AIM OF THE TASK: The task for the listing below is to write out exactly the lines starting at the one containing "O conjunto inclui: Boquilha" and ending at the one containing "交易策略:1.09785下方看跌,目标1.08949、1.08565", both included. Pictures are to be omitted.

*** Opening MATERIAL SHOWN ***

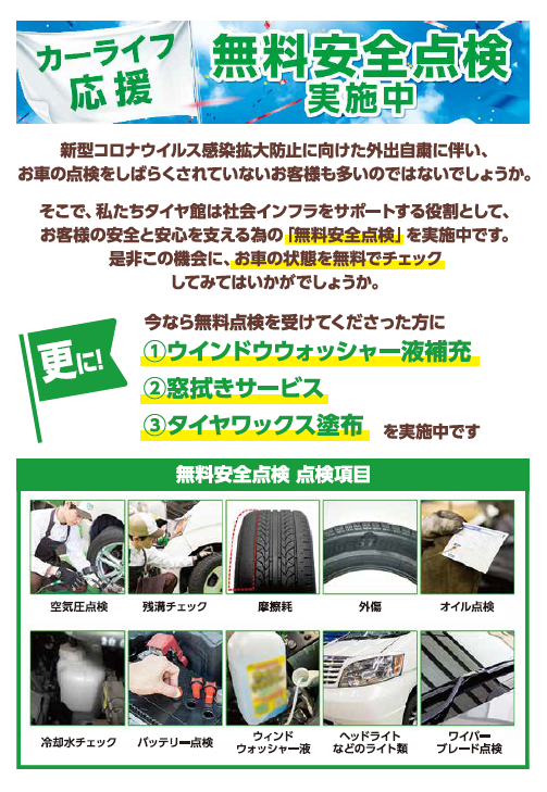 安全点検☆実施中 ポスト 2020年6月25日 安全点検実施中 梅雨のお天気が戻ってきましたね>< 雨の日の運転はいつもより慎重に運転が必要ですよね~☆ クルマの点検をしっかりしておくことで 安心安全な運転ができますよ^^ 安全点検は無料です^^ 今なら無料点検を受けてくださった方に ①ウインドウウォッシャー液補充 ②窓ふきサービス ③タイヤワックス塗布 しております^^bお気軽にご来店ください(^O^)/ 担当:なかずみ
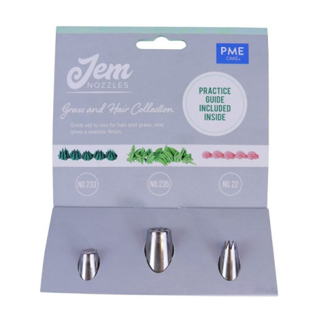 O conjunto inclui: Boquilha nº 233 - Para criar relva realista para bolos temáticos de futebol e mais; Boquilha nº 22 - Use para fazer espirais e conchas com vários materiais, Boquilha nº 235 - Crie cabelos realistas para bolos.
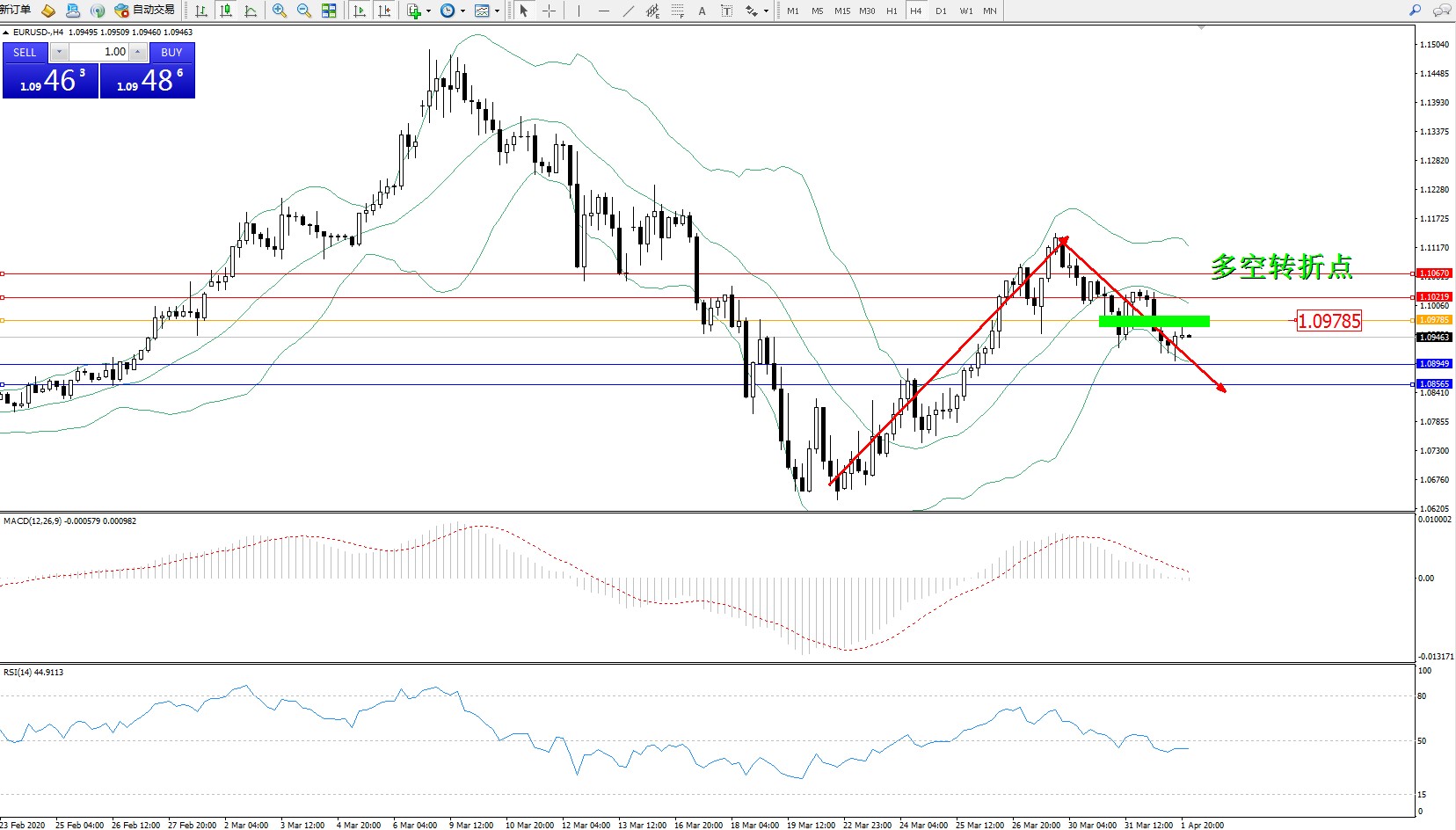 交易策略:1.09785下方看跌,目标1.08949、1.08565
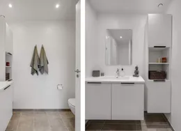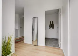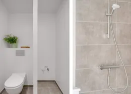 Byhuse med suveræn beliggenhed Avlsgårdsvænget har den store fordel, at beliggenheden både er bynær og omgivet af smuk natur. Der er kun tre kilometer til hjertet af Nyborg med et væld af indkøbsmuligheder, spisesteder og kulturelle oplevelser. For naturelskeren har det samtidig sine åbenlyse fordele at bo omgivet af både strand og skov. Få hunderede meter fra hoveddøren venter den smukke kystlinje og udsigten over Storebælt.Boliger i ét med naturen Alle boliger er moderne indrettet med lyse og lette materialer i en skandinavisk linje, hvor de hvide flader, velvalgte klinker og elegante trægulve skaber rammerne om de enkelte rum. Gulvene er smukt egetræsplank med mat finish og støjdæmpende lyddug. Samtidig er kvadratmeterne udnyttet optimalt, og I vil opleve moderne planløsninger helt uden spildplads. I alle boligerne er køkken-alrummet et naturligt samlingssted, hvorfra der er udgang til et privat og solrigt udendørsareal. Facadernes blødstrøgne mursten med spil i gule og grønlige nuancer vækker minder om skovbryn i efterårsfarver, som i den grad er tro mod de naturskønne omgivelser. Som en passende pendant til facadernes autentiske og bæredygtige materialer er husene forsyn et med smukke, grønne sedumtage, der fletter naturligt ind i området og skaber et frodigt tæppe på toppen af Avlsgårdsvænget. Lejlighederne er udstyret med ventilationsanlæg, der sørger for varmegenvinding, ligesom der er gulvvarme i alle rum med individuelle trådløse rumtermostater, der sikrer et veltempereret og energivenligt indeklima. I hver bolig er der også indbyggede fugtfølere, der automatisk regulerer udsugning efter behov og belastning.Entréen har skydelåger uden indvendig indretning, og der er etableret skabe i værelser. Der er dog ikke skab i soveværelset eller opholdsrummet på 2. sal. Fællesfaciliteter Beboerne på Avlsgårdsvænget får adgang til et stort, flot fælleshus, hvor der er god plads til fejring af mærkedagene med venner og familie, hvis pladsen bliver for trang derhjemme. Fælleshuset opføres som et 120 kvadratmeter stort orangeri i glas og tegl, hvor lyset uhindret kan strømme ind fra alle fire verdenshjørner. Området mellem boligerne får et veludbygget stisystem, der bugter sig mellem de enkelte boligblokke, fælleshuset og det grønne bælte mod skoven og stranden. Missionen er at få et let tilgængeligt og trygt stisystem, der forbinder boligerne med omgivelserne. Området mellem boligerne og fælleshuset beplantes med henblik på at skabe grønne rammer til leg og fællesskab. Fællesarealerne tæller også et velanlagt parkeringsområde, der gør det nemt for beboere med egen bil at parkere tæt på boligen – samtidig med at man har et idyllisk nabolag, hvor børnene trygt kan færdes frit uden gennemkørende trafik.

*** Closing MATERIAL SHOWN ***
*** Opening MATERIAL SHOWN ***

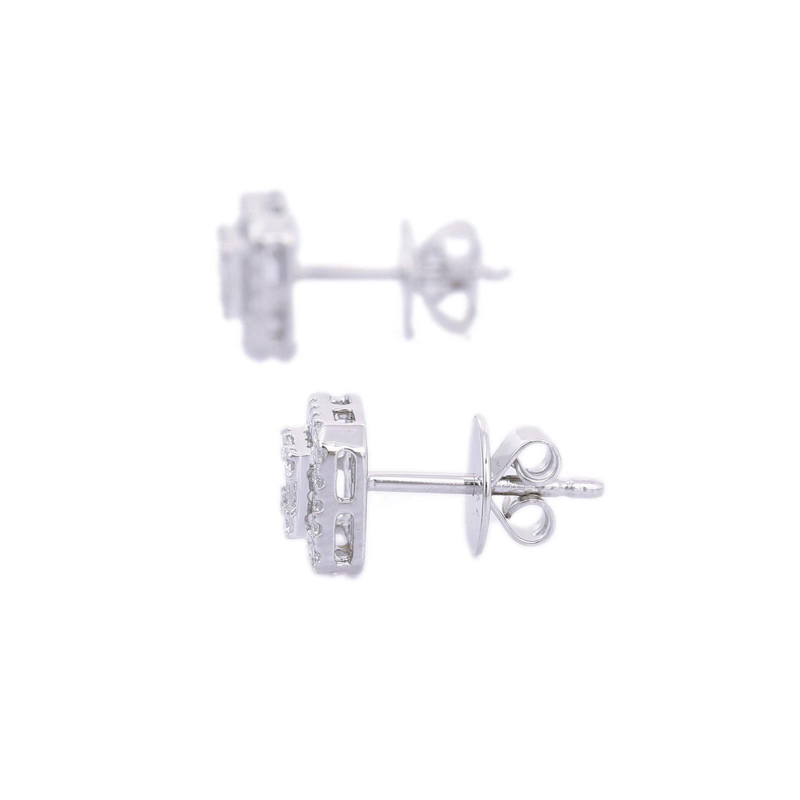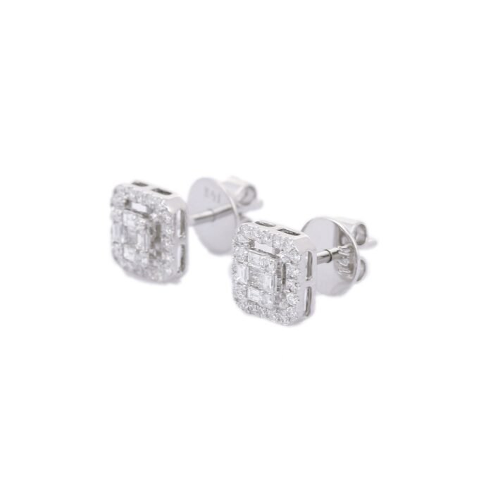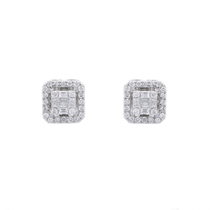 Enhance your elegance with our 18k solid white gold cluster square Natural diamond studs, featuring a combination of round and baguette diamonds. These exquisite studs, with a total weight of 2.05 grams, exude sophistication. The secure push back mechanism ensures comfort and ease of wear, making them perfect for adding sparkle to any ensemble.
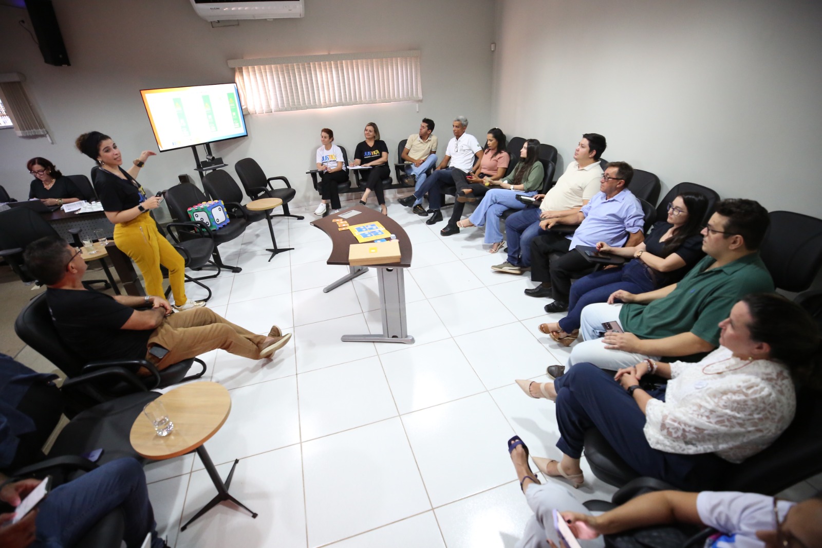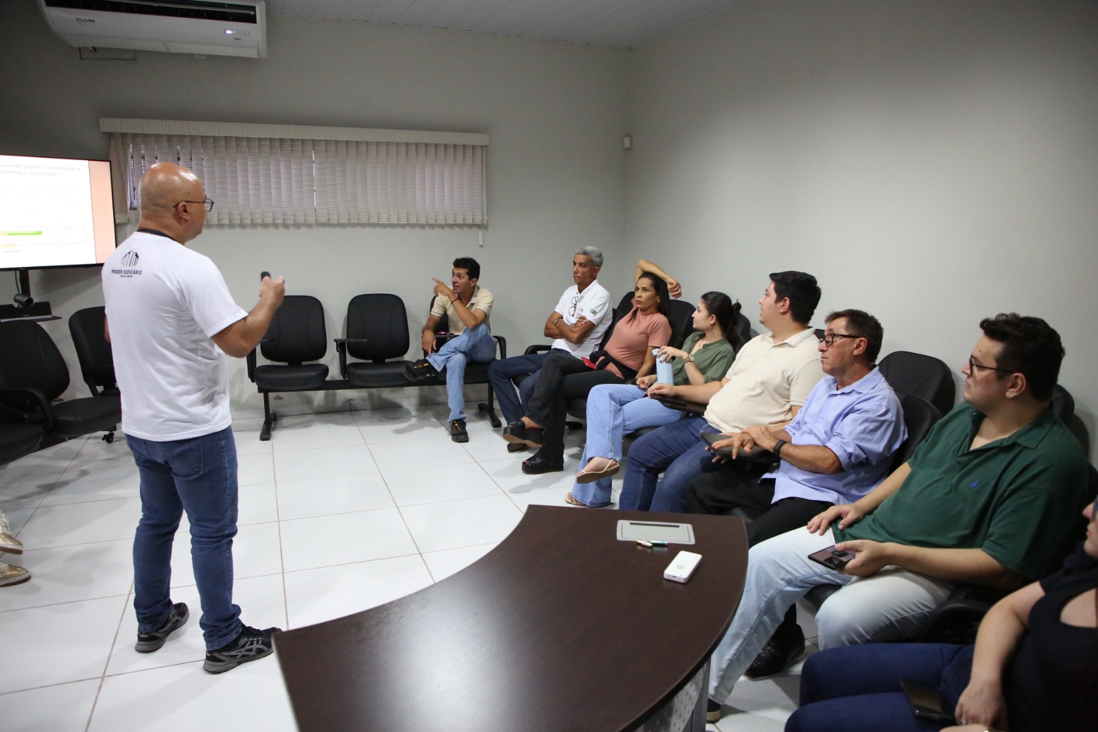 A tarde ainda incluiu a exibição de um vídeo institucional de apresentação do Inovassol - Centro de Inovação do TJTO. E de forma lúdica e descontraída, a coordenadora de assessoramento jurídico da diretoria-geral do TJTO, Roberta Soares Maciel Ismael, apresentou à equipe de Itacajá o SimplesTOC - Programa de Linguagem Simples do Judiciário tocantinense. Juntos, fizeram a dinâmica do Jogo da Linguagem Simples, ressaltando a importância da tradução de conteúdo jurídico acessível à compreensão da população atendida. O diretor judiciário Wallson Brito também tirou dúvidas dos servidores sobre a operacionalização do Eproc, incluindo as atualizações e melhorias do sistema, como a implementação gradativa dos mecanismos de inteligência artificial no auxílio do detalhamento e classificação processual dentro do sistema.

*** Closing MATERIAL SHOWN ***

ANSWER TO THE PROBLEM:
 O conjunto inclui: Boquilha nº 233 - Para criar relva realista para bolos temáticos de futebol e mais; Boquilha nº 22 - Use para fazer espirais e conchas com vários materiais, Boquilha nº 235 - Crie cabelos realistas para bolos.
 交易策略:1.09785下方看跌,目标1.08949、1.08565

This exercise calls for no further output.